··· Supplied data ···

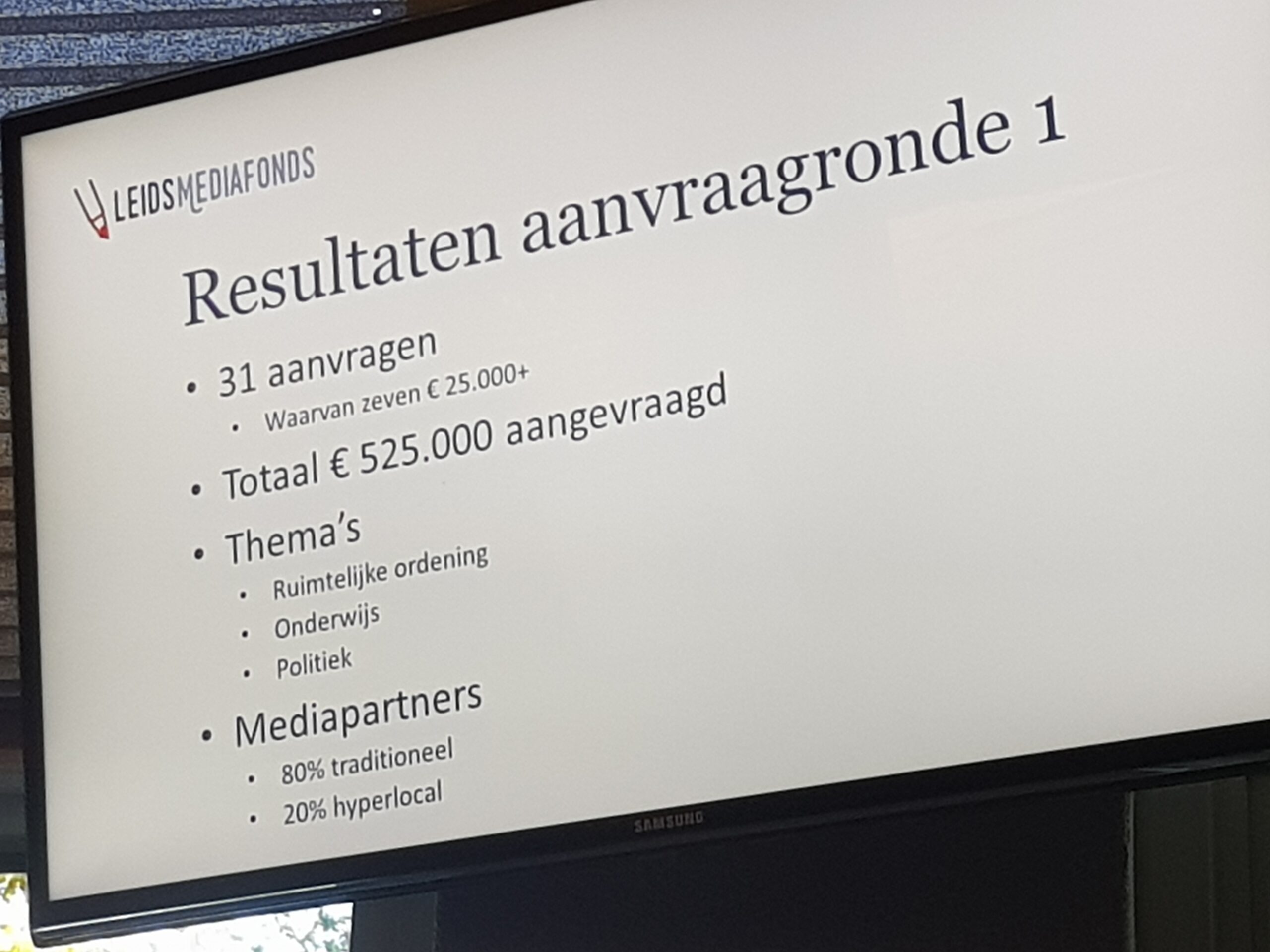Bij de eerste aanvraagronde van het Leids Mediafonds is voor meer dan een half miljoen euro aangevraagd voor de ondersteuning van journalistieke producties. Dat bleek gisteren tijdens een lunchbijeenkomst van Provinciale Staten van de provincie Zuid-Holland waar de Statencommissie Bestuur en Middelen in gesprek ging met regionale media. Het provinciebestuur laat onderzoeken of ook of provinciaal niveau een fonds ter ondersteuning van de media nodig is.
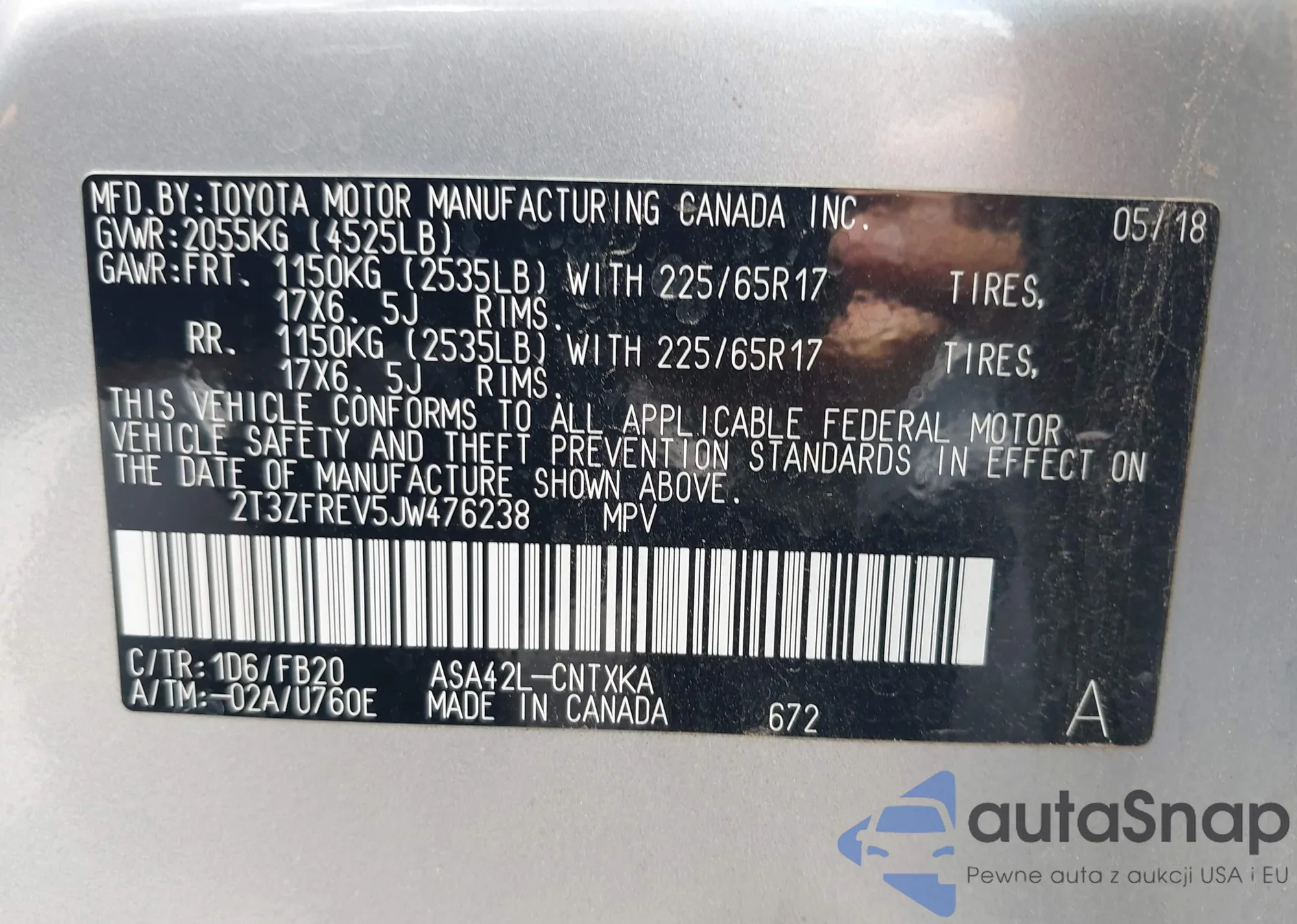 LOT: 42722308 VIN: JTNB11HK5J3012884
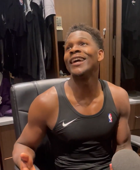“他今天还在我头上扣了一个,我不太喜欢那样(笑)……我当时没意识到他是直接冲着篮下去的,我转了一下头。我还以为他要上篮,结果他直接冲进去暴扣了。”
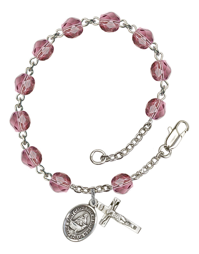 Our Saint Catherine of Sweden Rosary Bracelet features 6mm-bead Amethyst Fire Polished beads. The Crucifix measures 5/8 x 1/4 inches. The charm is a St. Catherine of Sweden medal.
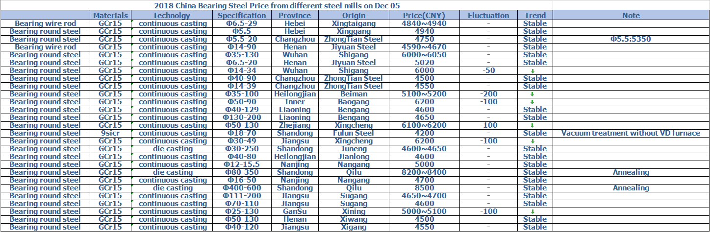 2018 China Bearing Steel Price from different steel mills on Dec 05
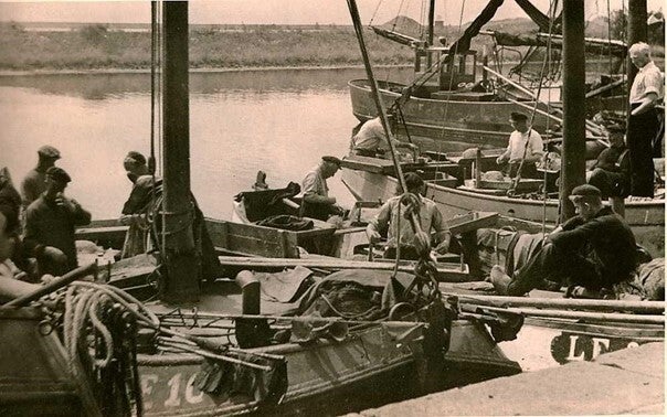 De Lemmer. In 1926 legde Jan Pen een Scheveningse bom aan de kade van de Vluchthaven, waar hij een taanderij in had gebouwd. De vissers konden gemakkelijk even langszij schieten om hun netten te (laten) tanen. Ze hoefden dankzij deze taanschuit niet langer de netten te vervoeren op een kar om bij een taanketel te komen. (Foto: collectie Dick van Dijk, Lemmer)
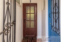Enter through a wooden door to a guest toilet and store room on the left .
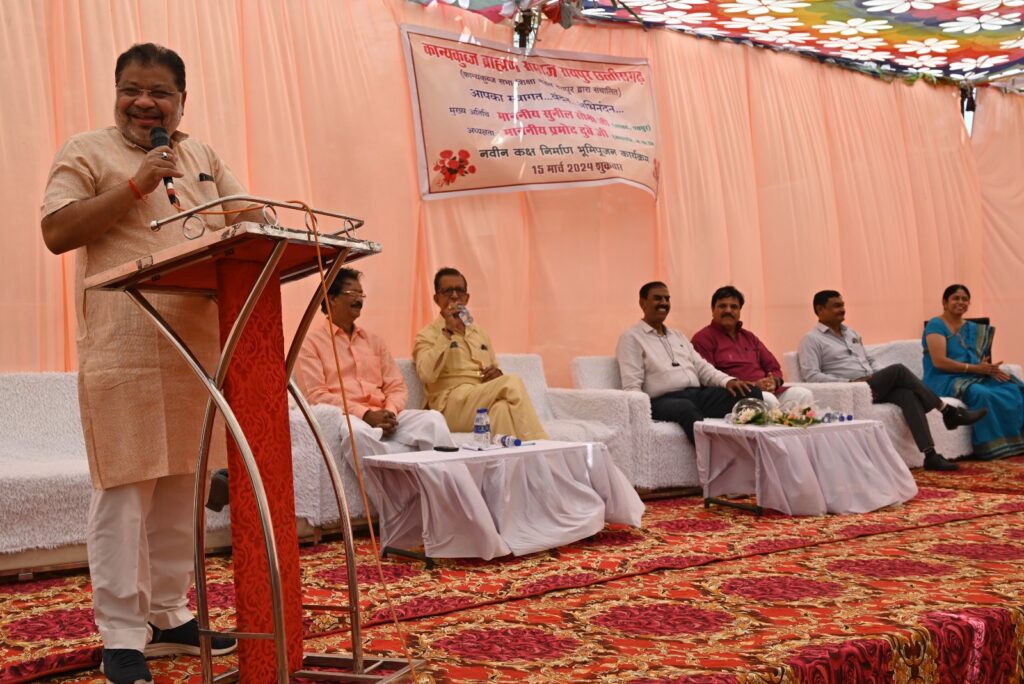 रायपुर। कान्यकुब्ज ब्राह्मण समाज रायपुर द्वारा संचालित पं. मुन्नालाल शुक्ल स्मृति आशीर्वाद इंग्लिश हायर सेकेंडरी स्कूल बैरन बाजार में प्रदत्त सांसद निधि द्वारा नवीन कक्ष निर्माण का आज भूमिपूजन कार्यक्रम आयोजित किया गया। कार्यक्रम में मुख्य अतिथि श्री सुनील सोनी जी सांसद रायपुर एवं अध्यक्षता श्री प्रमोद दुबे सभापति नगर पालिक निगम रायपुर उपस्थित रहे। भूमिपूजन का कार्यक्रम पंडित जी के द्वारा मंत्रोपचार के साथ श्री सुनील सोनी सांसद एवं श्री प्रमोद दुबे सभापति नगर पालिक निगम रायपुर, समाज के अध्यक्ष अरूण शुक्ल एवं सचिव सुरेश मिश्र, समाज के पदाधिकारी एवं समाज के वरिष्ठ सदस्य एवं स्कूल के बच्चों एवं स्कूल स्टाफ की उपस्थिति में संपन्न हुआ। सांसद श्री सुनील सोनी जी ने अपने उद्बोधन में देश में नई शिक्षा नीति पर बताया कि अब छात्र अपनी क्षेत्रिय भाषा में भी पढ़ सकते है, उन्होने स्कूली बच्चों से कहा कि वे जब घर से निकले तो पहले घर के बड़ों का आशीर्वाद लेकर निकले उससे और उर्जा मिलती है और जीवन में हमेशा सत्य बोलें।
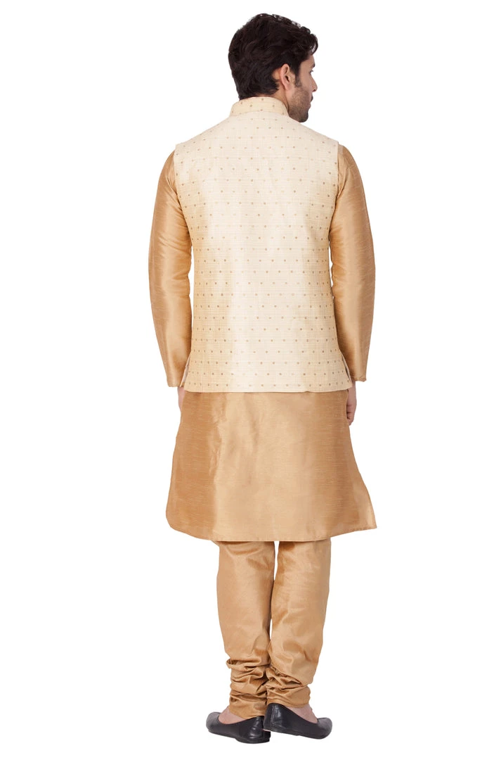 Rose gold solid kurta with solid churidar and gold Nehru jacket
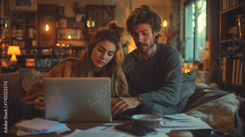 Stressful Accounting at Home: Asian Couple Using Laptop Computer, Sitting on Sofa in Apartment. Young Family Filling Tax Forms,
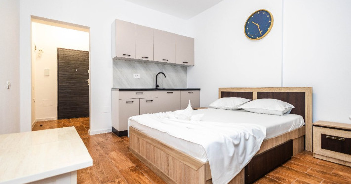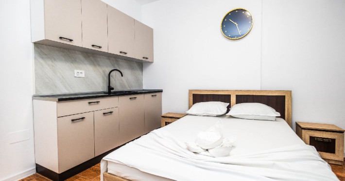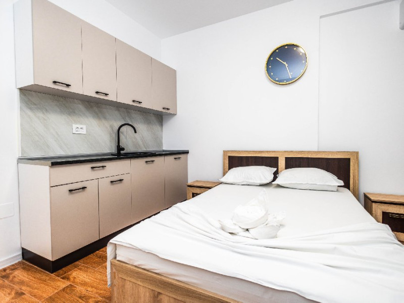 Bucataria este complet utilata si conceputa pentru a raspunde nevoilor turistilor: dispune de frigider, plita electrica, chiuveta, vesela si ustensile, astfel incat sa puteti pregati sau savura mese usoare chiar in apartament. Mobilierul este bine compartimentat, iar spatiul este eficient organizat.

···

## Task details
Restate each entry word for word. Omit every picture.

## Solution below
Bij de eerste aanvraagronde van het Leids Mediafonds is voor meer dan een half miljoen euro aangevraagd voor de ondersteuning van journalistieke producties. Dat bleek gisteren tijdens een lunchbijeenkomst van Provinciale Staten van de provincie Zuid-Holland waar de Statencommissie Bestuur en Middelen in gesprek ging met regionale media. Het provinciebestuur laat onderzoeken of ook of provinciaal niveau een fonds ter ondersteuning van de media nodig is.
 LOT: 42722308 VIN: JTNB11HK5J3012884
“他今天还在我头上扣了一个,我不太喜欢那样(笑)……我当时没意识到他是直接冲着篮下去的,我转了一下头。我还以为他要上篮,结果他直接冲进去暴扣了。”
 Our Saint Catherine of Sweden Rosary Bracelet features 6mm-bead Amethyst Fire Polished beads. The Crucifix measures 5/8 x 1/4 inches. The charm is a St. Catherine of Sweden medal.
 2018 China Bearing Steel Price from different steel mills on Dec 05
 De Lemmer. In 1926 legde Jan Pen een Scheveningse bom aan de kade van de Vluchthaven, waar hij een taanderij in had gebouwd. De vissers konden gemakkelijk even langszij schieten om hun netten te (laten) tanen. Ze hoefden dankzij deze taanschuit niet langer de netten te vervoeren op een kar om bij een taanketel te komen. (Foto: collectie Dick van Dijk, Lemmer)
Enter through a wooden door to a guest toilet and store room on the left .
 रायपुर। कान्यकुब्ज ब्राह्मण समाज रायपुर द्वारा संचालित पं. मुन्नालाल शुक्ल स्मृति आशीर्वाद इंग्लिश हायर सेकेंडरी स्कूल बैरन बाजार में प्रदत्त सांसद निधि द्वारा नवीन कक्ष निर्माण का आज भूमिपूजन कार्यक्रम आयोजित किया गया। कार्यक्रम में मुख्य अतिथि श्री सुनील सोनी जी सांसद रायपुर एवं अध्यक्षता श्री प्रमोद दुबे सभापति नगर पालिक निगम रायपुर उपस्थित रहे। भूमिपूजन का कार्यक्रम पंडित जी के द्वारा मंत्रोपचार के साथ श्री सुनील सोनी सांसद एवं श्री प्रमोद दुबे सभापति नगर पालिक निगम रायपुर, समाज के अध्यक्ष अरूण शुक्ल एवं सचिव सुरेश मिश्र, समाज के पदाधिकारी एवं समाज के वरिष्ठ सदस्य एवं स्कूल के बच्चों एवं स्कूल स्टाफ की उपस्थिति में संपन्न हुआ। सांसद श्री सुनील सोनी जी ने अपने उद्बोधन में देश में नई शिक्षा नीति पर बताया कि अब छात्र अपनी क्षेत्रिय भाषा में भी पढ़ सकते है, उन्होने स्कूली बच्चों से कहा कि वे जब घर से निकले तो पहले घर के बड़ों का आशीर्वाद लेकर निकले उससे और उर्जा मिलती है और जीवन में हमेशा सत्य बोलें।
 Rose gold solid kurta with solid churidar and gold Nehru jacket
 Stressful Accounting at Home: Asian Couple Using Laptop Computer, Sitting on Sofa in Apartment. Young Family Filling Tax Forms,
 Bucataria este complet utilata si conceputa pentru a raspunde nevoilor turistilor: dispune de frigider, plita electrica, chiuveta, vesela si ustensile, astfel incat sa puteti pregati sau savura mese usoare chiar in apartament. Mobilierul este bine compartimentat, iar spatiul este eficient organizat.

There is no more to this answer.